- How to complete this task -
The listing below is to be written out word for word, minus its images.

- Record extracts -
▬▬▬
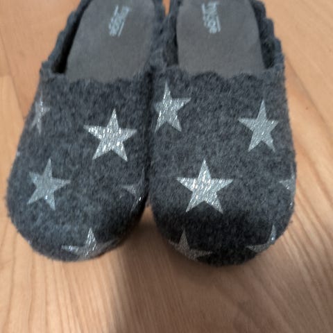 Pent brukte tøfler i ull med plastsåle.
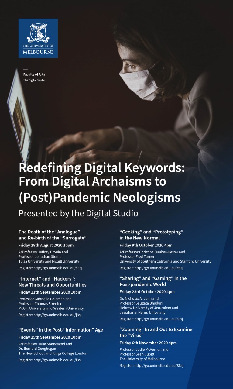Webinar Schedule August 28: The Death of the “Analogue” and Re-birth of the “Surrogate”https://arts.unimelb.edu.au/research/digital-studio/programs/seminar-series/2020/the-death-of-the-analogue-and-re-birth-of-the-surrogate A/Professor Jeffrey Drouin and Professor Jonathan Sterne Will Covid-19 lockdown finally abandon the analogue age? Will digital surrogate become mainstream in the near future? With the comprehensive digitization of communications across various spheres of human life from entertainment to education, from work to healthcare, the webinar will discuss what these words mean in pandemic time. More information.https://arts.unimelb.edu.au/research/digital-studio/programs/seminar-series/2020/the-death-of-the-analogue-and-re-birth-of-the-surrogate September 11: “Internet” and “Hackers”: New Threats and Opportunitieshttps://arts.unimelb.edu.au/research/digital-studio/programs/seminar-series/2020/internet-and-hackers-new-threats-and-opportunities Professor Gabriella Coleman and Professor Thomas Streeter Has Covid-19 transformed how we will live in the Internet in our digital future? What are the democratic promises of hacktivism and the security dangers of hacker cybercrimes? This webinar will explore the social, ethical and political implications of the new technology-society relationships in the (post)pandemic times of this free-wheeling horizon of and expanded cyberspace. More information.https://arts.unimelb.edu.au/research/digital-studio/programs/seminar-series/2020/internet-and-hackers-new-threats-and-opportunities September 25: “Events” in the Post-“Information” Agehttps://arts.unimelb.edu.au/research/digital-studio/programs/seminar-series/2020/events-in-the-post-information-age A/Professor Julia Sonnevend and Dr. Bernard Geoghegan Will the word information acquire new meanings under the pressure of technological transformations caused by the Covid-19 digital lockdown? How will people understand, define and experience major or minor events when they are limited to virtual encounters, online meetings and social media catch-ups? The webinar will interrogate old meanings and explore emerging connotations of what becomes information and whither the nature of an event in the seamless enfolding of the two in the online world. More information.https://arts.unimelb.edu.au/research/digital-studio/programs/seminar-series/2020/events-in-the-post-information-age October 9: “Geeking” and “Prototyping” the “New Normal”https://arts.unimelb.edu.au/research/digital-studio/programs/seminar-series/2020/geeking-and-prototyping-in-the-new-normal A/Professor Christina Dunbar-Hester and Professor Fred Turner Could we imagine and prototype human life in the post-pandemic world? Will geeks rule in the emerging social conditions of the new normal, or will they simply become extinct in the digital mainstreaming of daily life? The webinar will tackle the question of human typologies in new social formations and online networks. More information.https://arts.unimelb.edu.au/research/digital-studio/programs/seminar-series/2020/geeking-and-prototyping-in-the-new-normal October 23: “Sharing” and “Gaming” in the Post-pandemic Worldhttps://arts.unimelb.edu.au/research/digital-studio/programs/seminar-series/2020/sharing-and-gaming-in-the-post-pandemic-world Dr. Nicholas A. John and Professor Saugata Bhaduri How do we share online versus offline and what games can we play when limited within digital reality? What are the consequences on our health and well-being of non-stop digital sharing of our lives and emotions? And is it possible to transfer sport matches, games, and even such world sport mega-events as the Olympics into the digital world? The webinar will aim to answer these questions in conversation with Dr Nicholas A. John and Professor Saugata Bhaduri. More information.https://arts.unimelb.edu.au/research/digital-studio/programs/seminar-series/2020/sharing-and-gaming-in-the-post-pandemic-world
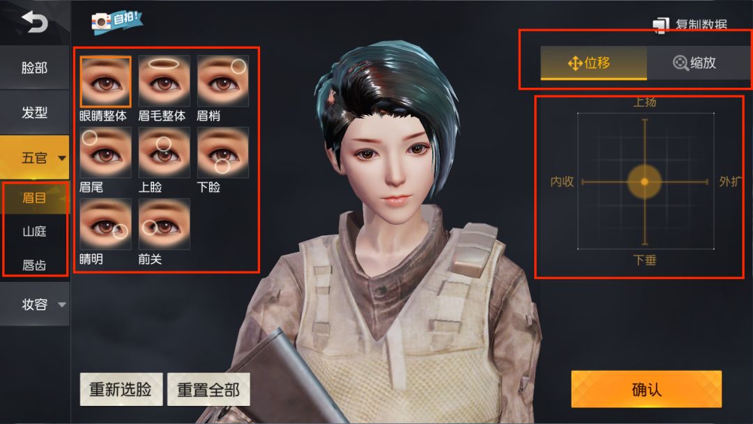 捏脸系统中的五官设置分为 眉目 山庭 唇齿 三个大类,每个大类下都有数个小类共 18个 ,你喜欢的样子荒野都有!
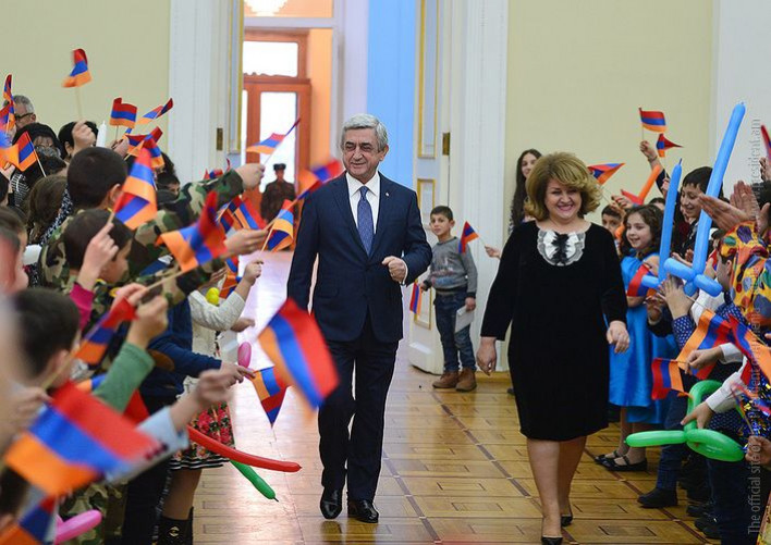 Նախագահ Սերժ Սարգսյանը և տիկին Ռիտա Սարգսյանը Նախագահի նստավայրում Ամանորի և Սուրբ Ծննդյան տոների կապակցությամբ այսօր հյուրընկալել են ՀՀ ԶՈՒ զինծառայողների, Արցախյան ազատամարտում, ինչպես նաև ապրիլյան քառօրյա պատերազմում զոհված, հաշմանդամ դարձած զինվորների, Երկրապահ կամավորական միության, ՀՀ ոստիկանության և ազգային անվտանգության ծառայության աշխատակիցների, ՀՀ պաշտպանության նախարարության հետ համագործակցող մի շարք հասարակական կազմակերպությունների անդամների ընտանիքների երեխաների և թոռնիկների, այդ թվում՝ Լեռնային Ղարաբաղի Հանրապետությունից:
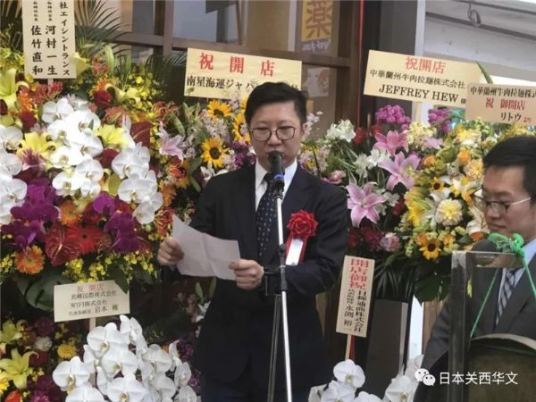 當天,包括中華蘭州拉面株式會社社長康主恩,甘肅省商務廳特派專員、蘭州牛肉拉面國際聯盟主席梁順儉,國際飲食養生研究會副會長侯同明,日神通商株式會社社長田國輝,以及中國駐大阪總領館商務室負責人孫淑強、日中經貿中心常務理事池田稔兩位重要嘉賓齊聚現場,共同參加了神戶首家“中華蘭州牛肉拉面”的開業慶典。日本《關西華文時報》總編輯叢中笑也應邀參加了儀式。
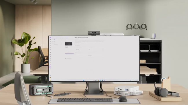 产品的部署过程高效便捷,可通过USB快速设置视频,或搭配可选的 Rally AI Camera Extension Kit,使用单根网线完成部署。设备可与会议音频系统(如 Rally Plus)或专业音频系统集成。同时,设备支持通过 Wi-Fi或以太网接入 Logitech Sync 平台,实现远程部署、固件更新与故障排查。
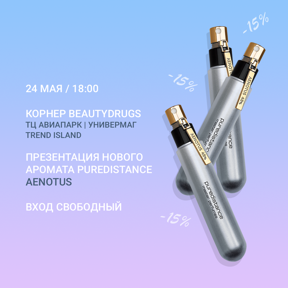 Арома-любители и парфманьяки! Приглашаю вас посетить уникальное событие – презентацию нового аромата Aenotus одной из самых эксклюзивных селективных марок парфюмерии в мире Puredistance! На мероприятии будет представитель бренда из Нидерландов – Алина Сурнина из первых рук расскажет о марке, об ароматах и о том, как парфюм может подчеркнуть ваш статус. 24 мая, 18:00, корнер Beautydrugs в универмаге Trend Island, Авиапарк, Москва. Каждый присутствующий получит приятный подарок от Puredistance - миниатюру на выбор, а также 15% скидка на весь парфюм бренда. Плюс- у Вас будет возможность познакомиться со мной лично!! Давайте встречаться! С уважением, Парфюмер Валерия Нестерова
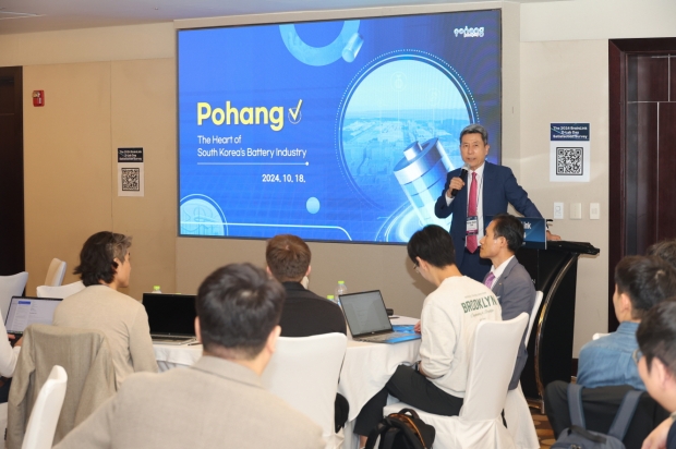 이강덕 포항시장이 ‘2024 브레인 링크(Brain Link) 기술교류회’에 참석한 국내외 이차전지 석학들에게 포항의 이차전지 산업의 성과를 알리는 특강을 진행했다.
▬▬▬
- Result of this exercise -
 Pent brukte tøfler i ull med plastsåle.
Webinar Schedule August 28: The Death of the “Analogue” and Re-birth of the “Surrogate”https://arts.unimelb.edu.au/research/digital-studio/programs/seminar-series/2020/the-death-of-the-analogue-and-re-birth-of-the-surrogate A/Professor Jeffrey Drouin and Professor Jonathan Sterne Will Covid-19 lockdown finally abandon the analogue age? Will digital surrogate become mainstream in the near future? With the comprehensive digitization of communications across various spheres of human life from entertainment to education, from work to healthcare, the webinar will discuss what these words mean in pandemic time. More information.https://arts.unimelb.edu.au/research/digital-studio/programs/seminar-series/2020/the-death-of-the-analogue-and-re-birth-of-the-surrogate September 11: “Internet” and “Hackers”: New Threats and Opportunitieshttps://arts.unimelb.edu.au/research/digital-studio/programs/seminar-series/2020/internet-and-hackers-new-threats-and-opportunities Professor Gabriella Coleman and Professor Thomas Streeter Has Covid-19 transformed how we will live in the Internet in our digital future? What are the democratic promises of hacktivism and the security dangers of hacker cybercrimes? This webinar will explore the social, ethical and political implications of the new technology-society relationships in the (post)pandemic times of this free-wheeling horizon of and expanded cyberspace. More information.https://arts.unimelb.edu.au/research/digital-studio/programs/seminar-series/2020/internet-and-hackers-new-threats-and-opportunities September 25: “Events” in the Post-“Information” Agehttps://arts.unimelb.edu.au/research/digital-studio/programs/seminar-series/2020/events-in-the-post-information-age A/Professor Julia Sonnevend and Dr. Bernard Geoghegan Will the word information acquire new meanings under the pressure of technological transformations caused by the Covid-19 digital lockdown? How will people understand, define and experience major or minor events when they are limited to virtual encounters, online meetings and social media catch-ups? The webinar will interrogate old meanings and explore emerging connotations of what becomes information and whither the nature of an event in the seamless enfolding of the two in the online world. More information.https://arts.unimelb.edu.au/research/digital-studio/programs/seminar-series/2020/events-in-the-post-information-age October 9: “Geeking” and “Prototyping” the “New Normal”https://arts.unimelb.edu.au/research/digital-studio/programs/seminar-series/2020/geeking-and-prototyping-in-the-new-normal A/Professor Christina Dunbar-Hester and Professor Fred Turner Could we imagine and prototype human life in the post-pandemic world? Will geeks rule in the emerging social conditions of the new normal, or will they simply become extinct in the digital mainstreaming of daily life? The webinar will tackle the question of human typologies in new social formations and online networks. More information.https://arts.unimelb.edu.au/research/digital-studio/programs/seminar-series/2020/geeking-and-prototyping-in-the-new-normal October 23: “Sharing” and “Gaming” in the Post-pandemic Worldhttps://arts.unimelb.edu.au/research/digital-studio/programs/seminar-series/2020/sharing-and-gaming-in-the-post-pandemic-world Dr. Nicholas A. John and Professor Saugata Bhaduri How do we share online versus offline and what games can we play when limited within digital reality? What are the consequences on our health and well-being of non-stop digital sharing of our lives and emotions? And is it possible to transfer sport matches, games, and even such world sport mega-events as the Olympics into the digital world? The webinar will aim to answer these questions in conversation with Dr Nicholas A. John and Professor Saugata Bhaduri. More information.https://arts.unimelb.edu.au/research/digital-studio/programs/seminar-series/2020/sharing-and-gaming-in-the-post-pandemic-world
 捏脸系统中的五官设置分为 眉目 山庭 唇齿 三个大类,每个大类下都有数个小类共 18个 ,你喜欢的样子荒野都有!
 Նախագահ Սերժ Սարգսյանը և տիկին Ռիտա Սարգսյանը Նախագահի նստավայրում Ամանորի և Սուրբ Ծննդյան տոների կապակցությամբ այսօր հյուրընկալել են ՀՀ ԶՈՒ զինծառայողների, Արցախյան ազատամարտում, ինչպես նաև ապրիլյան քառօրյա պատերազմում զոհված, հաշմանդամ դարձած զինվորների, Երկրապահ կամավորական միության, ՀՀ ոստիկանության և ազգային անվտանգության ծառայության աշխատակիցների, ՀՀ պաշտպանության նախարարության հետ համագործակցող մի շարք հասարակական կազմակերպությունների անդամների ընտանիքների երեխաների և թոռնիկների, այդ թվում՝ Լեռնային Ղարաբաղի Հանրապետությունից:
 當天,包括中華蘭州拉面株式會社社長康主恩,甘肅省商務廳特派專員、蘭州牛肉拉面國際聯盟主席梁順儉,國際飲食養生研究會副會長侯同明,日神通商株式會社社長田國輝,以及中國駐大阪總領館商務室負責人孫淑強、日中經貿中心常務理事池田稔兩位重要嘉賓齊聚現場,共同參加了神戶首家“中華蘭州牛肉拉面”的開業慶典。日本《關西華文時報》總編輯叢中笑也應邀參加了儀式。
 产品的部署过程高效便捷,可通过USB快速设置视频,或搭配可选的 Rally AI Camera Extension Kit,使用单根网线完成部署。设备可与会议音频系统(如 Rally Plus)或专业音频系统集成。同时,设备支持通过 Wi-Fi或以太网接入 Logitech Sync 平台,实现远程部署、固件更新与故障排查。
 Арома-любители и парфманьяки! Приглашаю вас посетить уникальное событие – презентацию нового аромата Aenotus одной из самых эксклюзивных селективных марок парфюмерии в мире Puredistance! На мероприятии будет представитель бренда из Нидерландов – Алина Сурнина из первых рук расскажет о марке, об ароматах и о том, как парфюм может подчеркнуть ваш статус. 24 мая, 18:00, корнер Beautydrugs в универмаге Trend Island, Авиапарк, Москва. Каждый присутствующий получит приятный подарок от Puredistance - миниатюру на выбор, а также 15% скидка на весь парфюм бренда. Плюс- у Вас будет возможность познакомиться со мной лично!! Давайте встречаться! С уважением, Парфюмер Валерия Нестерова
 이강덕 포항시장이 ‘2024 브레인 링크(Brain Link) 기술교류회’에 참석한 국내외 이차전지 석학들에게 포항의 이차전지 산업의 성과를 알리는 특강을 진행했다.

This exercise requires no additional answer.